Nunca pensé que un dispositivo con forma del mítico Radar del Dragón de Dragon Ball podría ser la solución definitiva para controlar todos mis dispositivos a distancia. Este año ha estado lleno de lanzamientos y sorpresas tecnológicas, pero, sin lugar a dudas, este pequeño y curioso aparato se ha coronado rápidamente como mi gran descubrimiento de gadget del año.
Honestamente, no conocía la existencia de este tipo de dispositivos portátiles orientados a usuarios comunes o creadores de contenido. Y realmente terminó sorprendiéndome a niveles que no imaginaba. Estoy hablando del GL.iNet Comet Q (también conocido por su modelo GL-RMQ1), un KVM remoto muy particular que tengo días probando intensivamente en casa y en la oficina.
A continuación, te cuento en detalle si realmente vale la pena este gadget de apariencia redonda y juguetona.
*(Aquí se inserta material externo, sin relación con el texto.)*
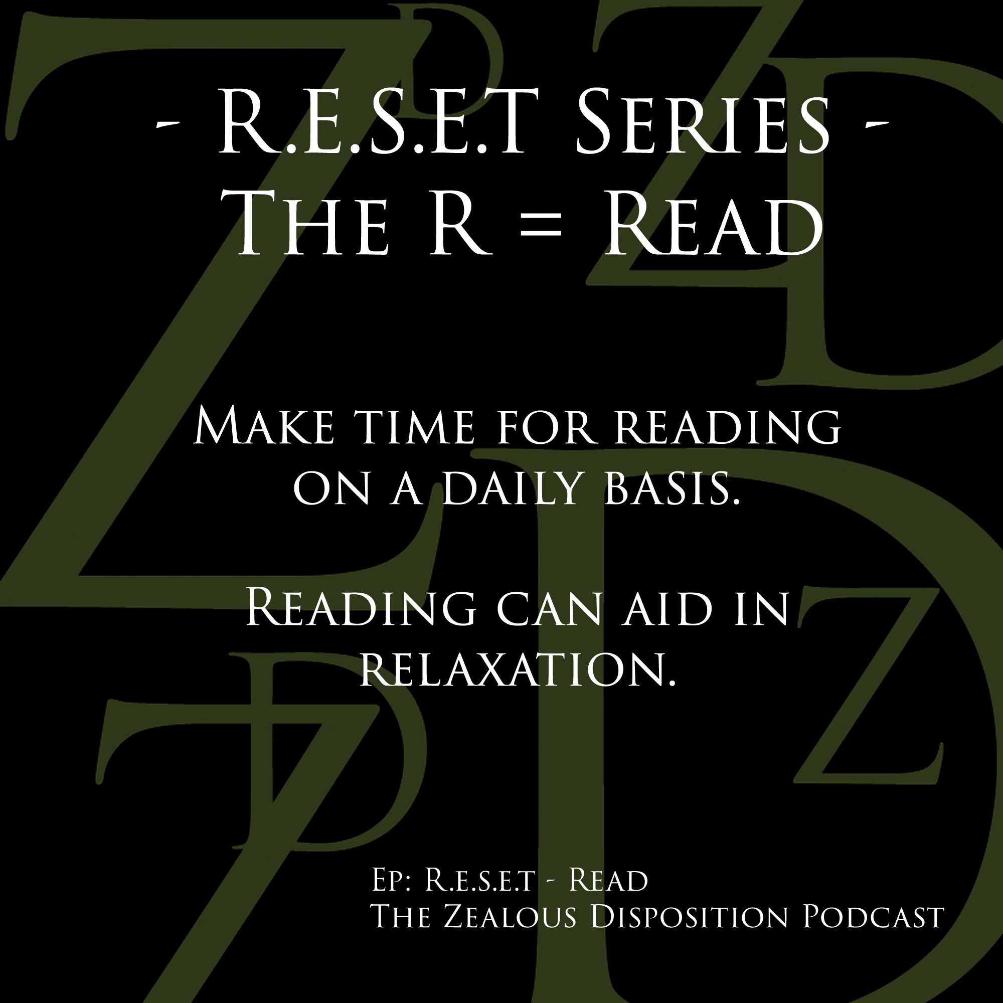 Hello, hello, hello. Thank you for tuning in to another episode of The Zealous Disposition Podcast. Today I will be sharing what the R in R.E.S.E.T stands for. The R stands for Read or Reading.

GL.iNet Comet Q: un KVM para controlar móviles y ordenadores que solo conectas al USB y listo

Antes de empezar, es importante definir qué es este singular dispositivo. En términos técnicos, el GL.iNet Comet Q es un KVM remoto (Keyboard, Video and Mouse) de nueva generación. Tradicionalmente, los KVM suelen ser equipos generalmente grandes, pesados y llenos de cables, que permiten a un usuario controlar varios ordenadores usando un único teclado, un solo monitor y un ratón.
Ahora bien, cuando le añadimos la palabra «remoto» o «KVM sobre IP», el concepto evoluciona radicalmente: el gadget captura la señal de vídeo y audio del dispositivo a la que está conectado, y digitaliza las pulsaciones del teclado y los movimientos del ratón para transmitirlos a través de una red local (WiFi) o de Internet.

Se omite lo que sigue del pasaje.